Extras and shared costs
Maintenance covers day-to-day living costs, but there are always extras. Agree in advance how you will handle these to avoid arguments when the bill arrives.
A simple approach: anything over a set amount (e.g. £30) needs agreement from both parents before the money is spent. Under that amount, whoever signs up pays. Track shared costs in a co-parenting app or a shared spreadsheet and settle up monthly.
9. New partners and wider family
At some point, one or both of you will start a new relationship. This can be difficult for everyone, especially the children.

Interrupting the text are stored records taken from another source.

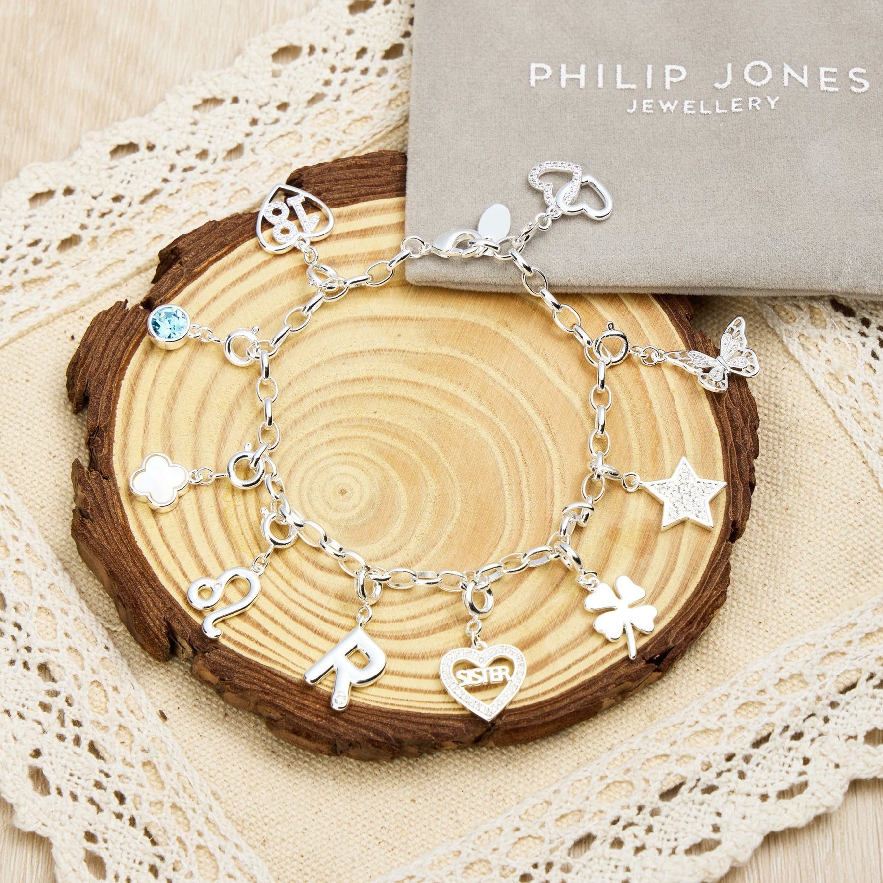Silver Plated Link Chain Bracelet with Choice of Charms - Philip Jones Jewellery
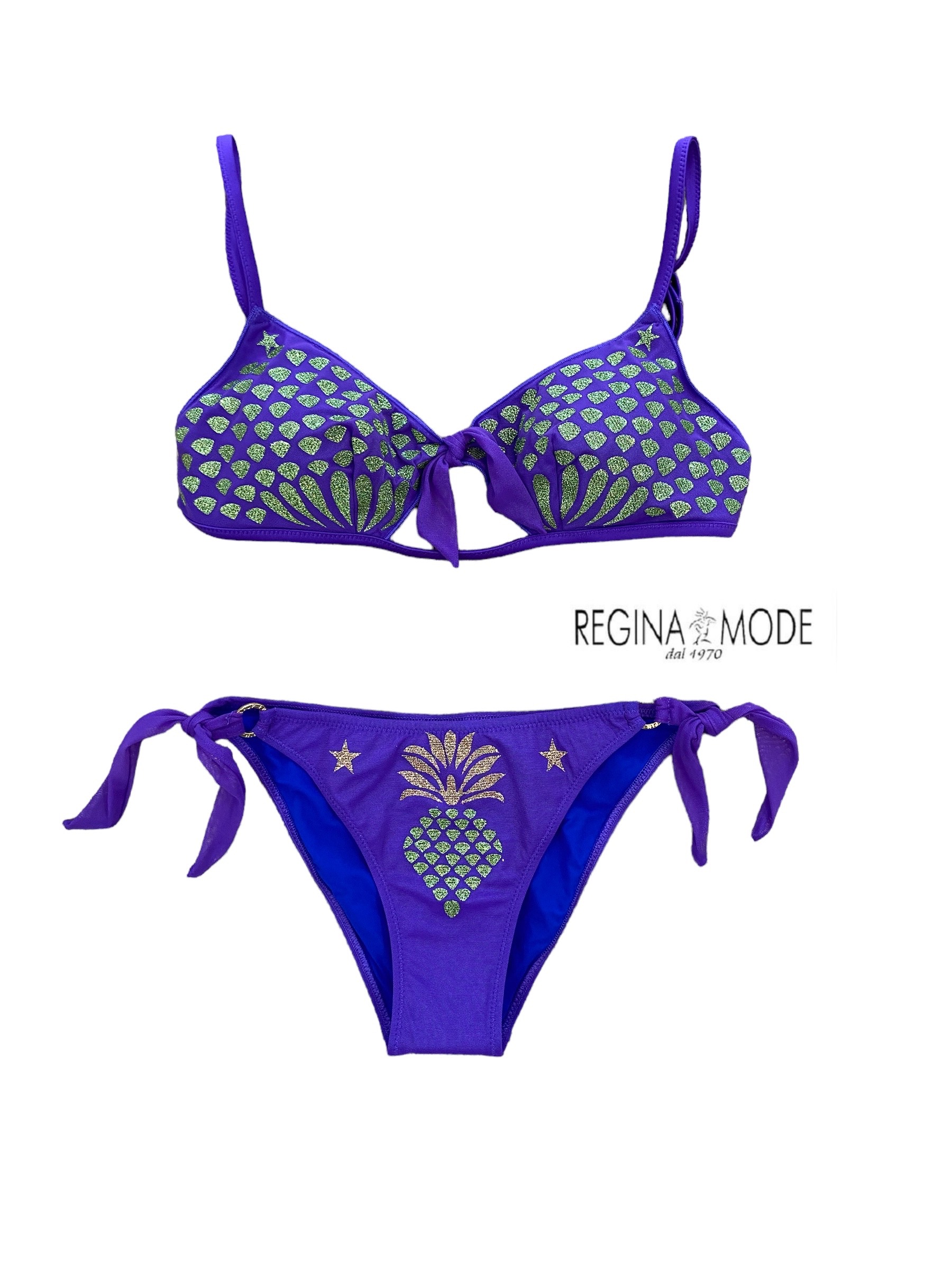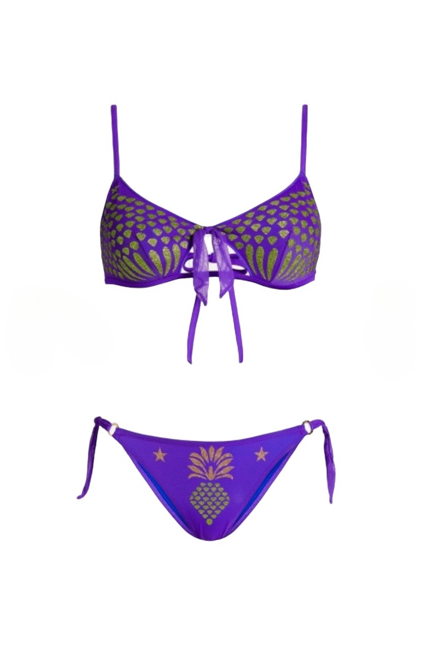 Bikini brassiere tulle con disegno lurex e slip fiocchi.
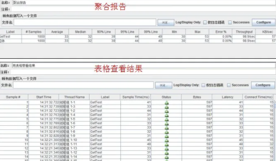 jmeter聚合报告及表格查看结果:

It helps to agree some ground rules in advance, while you are both thinking clearly.
Introducing new partners
There is no perfect timeline, but most child psychologists suggest waiting until a relationship is stable and serious (typically 6–12 months) before introducing a new partner to your children. Discuss and agree:
- Will you give the other parent a heads-up before introducing a new partner to the children? (Most plans say yes, as a courtesy, not as permission.)
- New partners should not be involved in handovers in the early stages.
- New partners do not replace a parent. They should not discipline the children or make parenting decisions without agreement.
Wider family and other adults
- Grandparents and extended family are important to children. Both parents should support the child's relationship with family on both sides.
- Do not use children as messengers between households. If you need to tell the other parent something, tell them directly.
- Do not bad-mouth the other parent in front of the children, and do not allow others (grandparents, friends, new partners) to do so either. Children internalise this. They are half of each of you.
10. Reviews, changes, and disagreements
A parenting plan is a living document. What works when your child is three will not work when they are nine or fifteen. Build in a review process so the plan evolves with your family.
Regular reviews
- Review the plan every 6–12 months, or when there is a significant change (starting school, moving house, a new sibling, a child's expressed wishes changing).
- Set a specific date for the review. Treat it like a meeting: have an agenda, stick to facts, and focus on what is and is not working.
- Either parent can request an earlier review if circumstances change significantly.
When you disagree
You will disagree. That is normal. What matters is how you handle it. Agree on an escalation process:
- Direct discussion. Try to resolve it between yourselves first, in writing, sticking to the communication rules above.
- Mediation. If you cannot agree after two attempts, either parent can request a mediation session. You can find an accredited mediator through the Family Mediation Council or National Family Mediation. Many offer a free initial meeting (MIAM).
- Legal advice. If mediation does not resolve it, either parent may seek independent legal advice or apply to the court. This should be a last resort.
11. Safety and safeguarding
This section is important. A voluntary parenting plan is only appropriate when both parents are able to cooperate safely. If there are concerns about domestic abuse, child abuse, substance misuse, or any other safeguarding issue, an informal plan may not be enough.
- If you have a court order (including a non-molestation order, occupation order, or prohibited steps order), that order takes priority over anything in this plan.
- If you have concerns about your child's safety with the other parent, contact Cafcass, your local authority children's services, or speak to a family solicitor.
- If you or your child are at immediate risk, call 999.
- The National Domestic Abuse Helpline is available 24/7 on 0808 2000 247.
Where safeguarding concerns exist, professional advice should always override any informal arrangement. This template is not designed for situations involving abuse or coercive control.
Signing is optional. This is not a legal contract. But writing your names and the date can help both parents feel committed to making it work.